- Tuesday, December 20, 2022

Editor’s note: This is one in a series examining the Constitution and Federalist Papers in today’s America.

 

The right to keep and bear arms has a prestigious and gloried history. Titans of constitutional law such as St. George Tucker and Joseph Story referred to this protection as the “true palladium of liberty” — the bulwark that preserves all other inalienable rights.

They, like the Founders, understood that the Second Amendment’s purpose was to ensure that the people were armed and always capable of defending their natural rights, whether against an invading army, a tyrannical government or criminal actors.

Two centuries later, far too many inheritors of this precious safeguard have relegated it to second-class status, mischaracterizing its purpose as protecting hunting rights instead of human rights and deriding it as a dangerous relic with no place in modern society.

The first part of this critique is undoubtedly true.

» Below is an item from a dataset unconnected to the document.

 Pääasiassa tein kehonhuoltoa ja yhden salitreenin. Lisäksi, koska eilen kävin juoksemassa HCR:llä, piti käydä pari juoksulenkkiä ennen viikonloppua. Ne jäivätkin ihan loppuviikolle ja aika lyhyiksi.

The world has changed dramatically over the last two centuries. Unfortunately, human nature has not.

The same three primary threats to our rights — tyrannical governments, foreign invasions and criminal actors — exist today just as they existed in 1791, when the Second Amendment was ratified. Arguably, these threats are even more pronounced today, given the ways in which modern technology has enhanced the capacity of those who are not always animated by charity to wreak havoc on the rights of others.

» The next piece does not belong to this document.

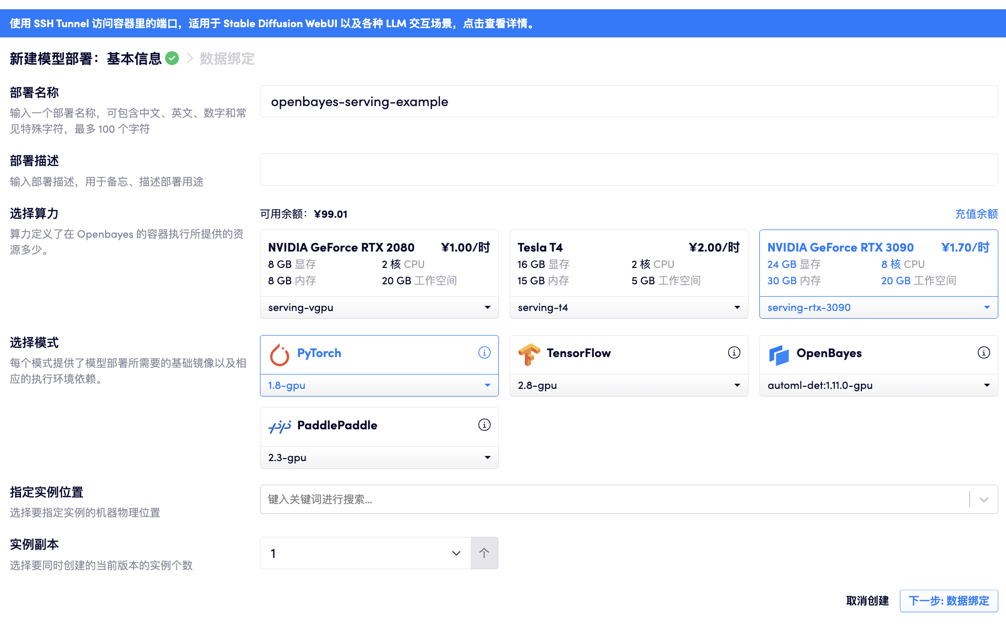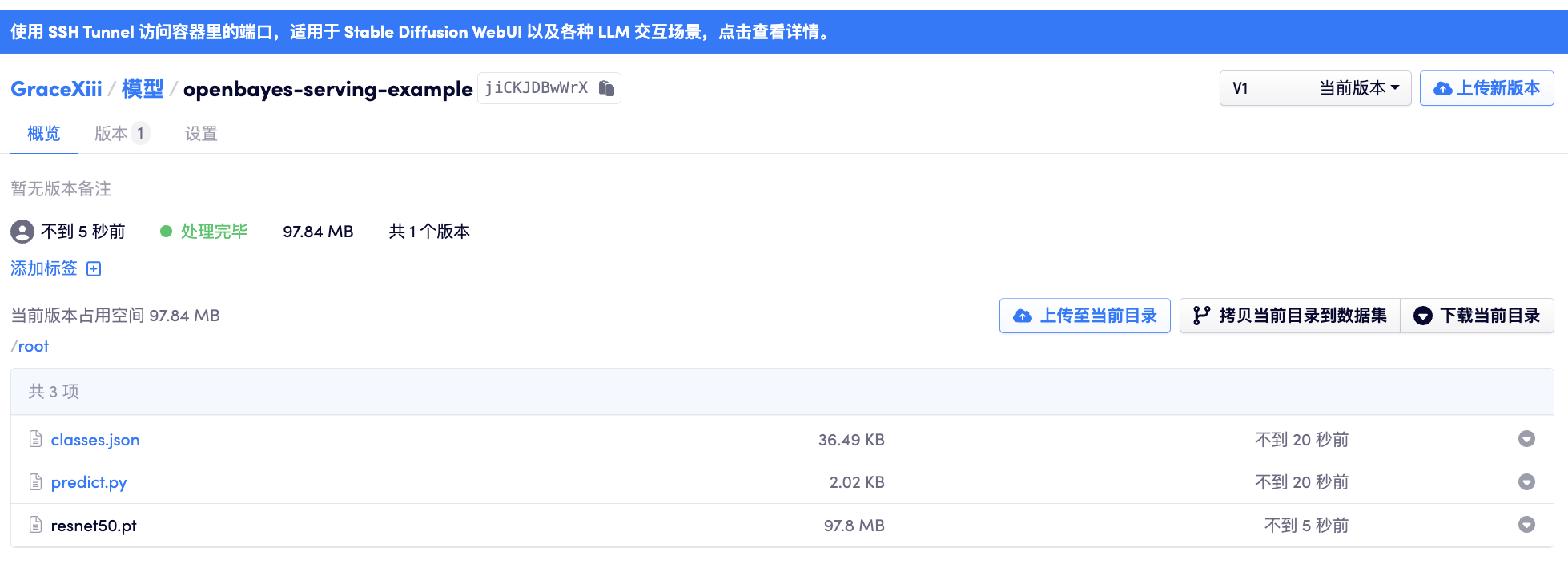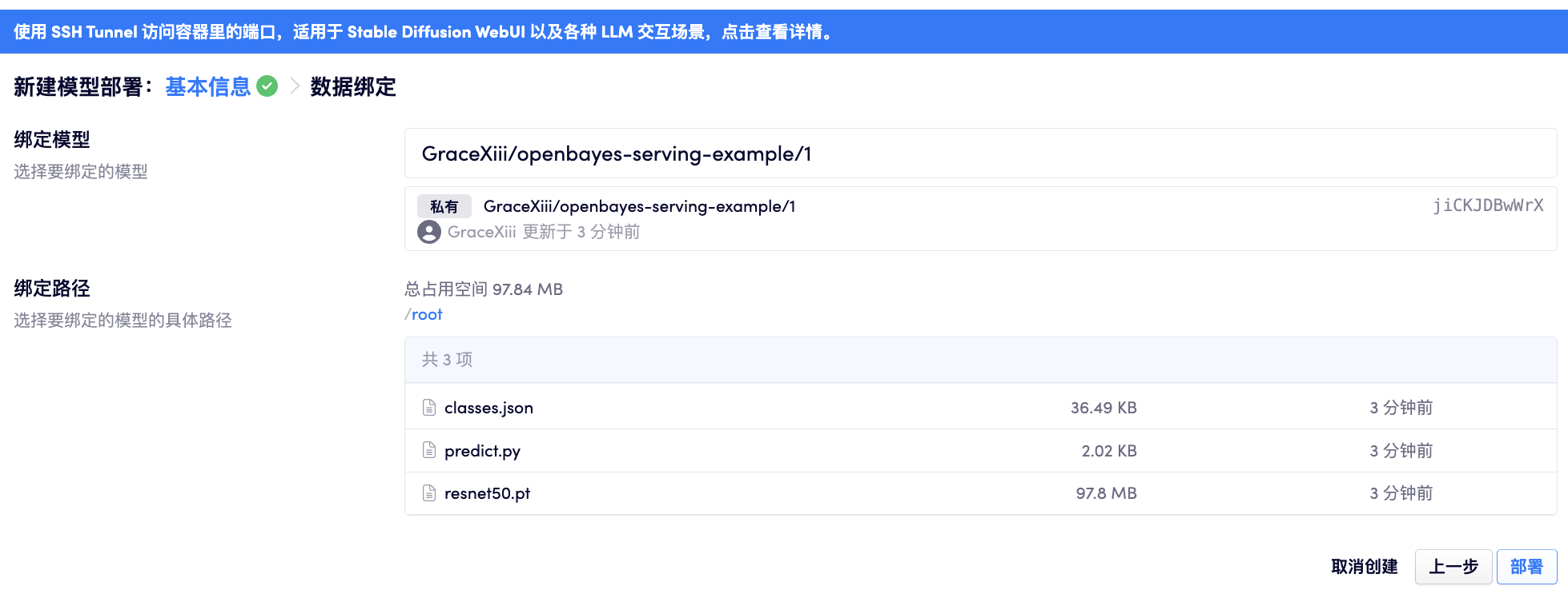 绑定模型目录,选择刚才上传的模型版本目录:

History, especially recent history, is replete with examples of murderous regimes rising to power to the detriment of individuals and their liberties. Despite the much-touted “triumph of liberalism” and democracy in the West, the 20th century was the bloodiest century. It did not rid the world of authoritarianism or government-sponsored human rights violations.

Quite the contrary. According to one recent analysis, in the 20th century, authoritarians oversaw the murder of more than 200 million noncombatants, many of them their own citizens, many of them effectively disarmed through the imposition of restrictive gun control regulations.

Meanwhile, “foreign invasion” doesn’t rank nearly as high today on many American threat radars as it did during the founding era, or even during the Cold War era.

Nonetheless, we know that our current relative peace of mind regarding our national security is a historical anomaly. We also know that serious global conflict can quickly shatter assumptions about the permanence of international tranquility. Ask the Ukrainians.

It also turns out that we still haven’t solved the problem of crime or ushered ourselves into a utopia. Over the decades, crime rates have spiked, and plummeted, and spiked again, often for reasons we still don’t fully understand. The United States is still reeling from the single largest one-year increase in homicides in the nation’s history, which took place way back in 2020.

For all of the advances of modern sociology and professional policing, the reality is that the government cannot always be on hand to protect its citizens from crime at all times. Nor does anyone want to live in a police state capable of immediately intervening in every human interaction.

While some gun control advocates such as New York Gov. Kathy Hochul like to claim that “the myth of the good guy with a gun is over,” the data tells a very different story about the continued importance of the right to keep and bear arms in the lives of ordinary Americans. 

A 2013 report by the Centers for Disease Control and Prevention concluded that almost every study on the issue has found that Americans use their guns defensively between 500,000 and 3 million times a year. Just last year, the most comprehensive survey of gun owners ever conducted reaffirmed the 2013 report, finding an average of 1.6 million annual defensive gun uses annually.

Unfortunately, instead of looking at the dangerous impact that their own liberal policies have on crime, many liberals today join forces with advocates of gun control to insist that this fundamental right of the people is the problem instead of part of the solution. By doing so, they weaken the practical ability of any person or community to forcibly resist assaults on their life, liberty and property.

More than 200 years after its ratification, the Second Amendment remains liberty’s most essential safeguard, and it will remain as such until when, freed from the threats of tyranny, war and crime, all of humanity may “beat their swords into plowshares, and their spears into pruning hooks.”

Editor’s note: This is one in a series examining the Constitution and Federalist Papers in today’s America.

• Amy Swearer at a legal fellow in The Heritage Foundation’s Meese Center for Legal and Judicial Studies.